Instructions have been configured, Disassembly Get_futex_key confirmation, through a simple search __get_user_pages_fast whether the compilation confirms that the transparent giant page is actually turned on.

Next, you need to analyze why the Put_page call put_compound_page time does not return.

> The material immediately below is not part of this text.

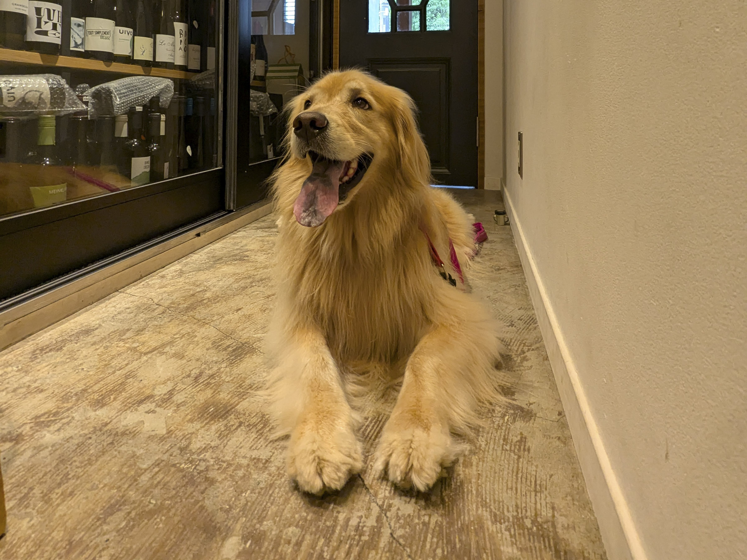 運が良ければ、看板犬のゴールデンレトリバー「カラ」が出迎えてくれることも。ペット連れのお客様も多く訪れます。「散歩の帰りに犬と一緒に寄ってくださる方も多いんです」と、地域に根ざした温かい雰囲気が魅力です。
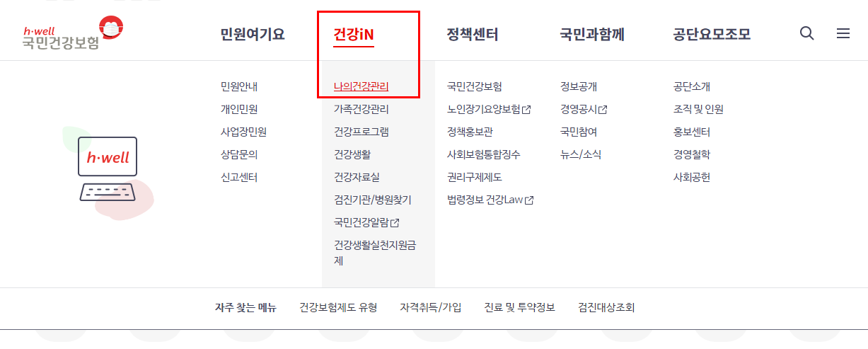 우선 국민건강보험공단 홈페이지에 접속합니다.

void put_page (struct page *page)
{
if (Unlikely (Pagecompound (page)))
Put_compound_page (page);
else if (Put_page_testzero (page))
__put_single_page (page);
}

The/proc/sys/vm/nr_hugepages of the system configuration is 0.

Linux crash Hardlock Troubleshooting records

Contact Us

The content source of this page is from Internet, which doesn't represent Alibaba Cloud's opinion; products and services mentioned on that page don't have any relationship with Alibaba Cloud. If the content of the page makes you feel confusing, please write us an email, we will handle the problem within 5 days after receiving your email.

If you find any instances of plagiarism from the community, please send an email to: info-contact@alibabacloud.com and provide relevant evidence. A staff member will contact you within 5 working days.

A Free Trial That Lets You Build Big!

Start building with 50+ products and up to 12 months usage for Elastic Compute Service

  • Sales Support

    1 on 1 presale consultation

  • After-Sales Support

    24/7 Technical Support 6 Free Tickets per Quarter Faster Response

  • Alibaba Cloud offers highly flexible support services tailored to meet your exact needs.